As soon as she opened the door, Sime saw what Aitkens had meant about her. She was a real looker and still is, he’d said. I didn’t know a boy at school who didn’t have the hots for her.

She was closer to forty than she would probably want to admit, and was still a good-looking woman. She wore a short-sleeved cut-off top revealing a taut, tanned belly above tight-fitting jeans that showed off her slim hips. Chestnut-brown hair with blonde streaks tumbled in big, loose, careless curls to her shoulders. She had soft brown eyes and fine, full lips, and a jawline that most women would require surgery to replicate.

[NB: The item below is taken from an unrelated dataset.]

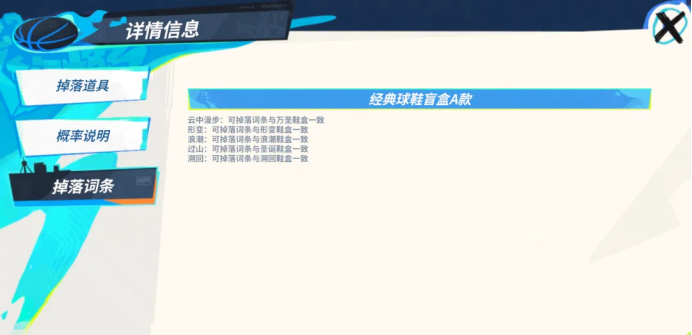 三大盲盒,任你挑选。每款球鞋的获取概率均为20%,每个盲盒开出的球鞋可掉落词条类型与该鞋盒对应的常驻词条池保持一致。打开相应盲盒必得其中一款带词条的金色品质球鞋。

She wore very little make-up, and her age was only discernible in the finest of lines creasing the skin around her eyes and mouth. She was the kind of woman, Sime knew from experience, that you could only ever admire from afar, unless you happened to be rich, or powerful. Cowell had most certainly been rich. And her ex, he supposed, could be described as powerful. At the very least, a big fish in a small pond.

She stepped back from the door, looking at them without curiosity, and Sime saw that she was barefoot. ‘Can I help you?’

Blanc showed her his ID. ‘Sûreté, madame. We’re investigating the murder of James Cowell.’

‘Of course you are. You’d better come in.’ She stood aside to let them pass.

They walked into a large dining room that extended up into the roof space where huge Velux windows set into the slope of the roof allowed light to cascade into the room. An arched opening led through to a big, square kitchen with an island set at its centre. They never got any further than the dining room. Ariane Briand stood, almost barring their way to the rest of the house, her arms folded, defensive verging on hostile.

‘So …’ Blanc said. ‘Would you like to tell us where you’ve been for the last two days?’

‘Well, maybe you’d like to tell me why that’s any of your business.’

Blanc bristled. ‘Madame, you can answer my questions here or at the Sûreté. Your choice.’

She pursed her lips pensively, but if she was ruffled showed no sign of it. ‘I went shopping in Quebec City. Is that against the law?’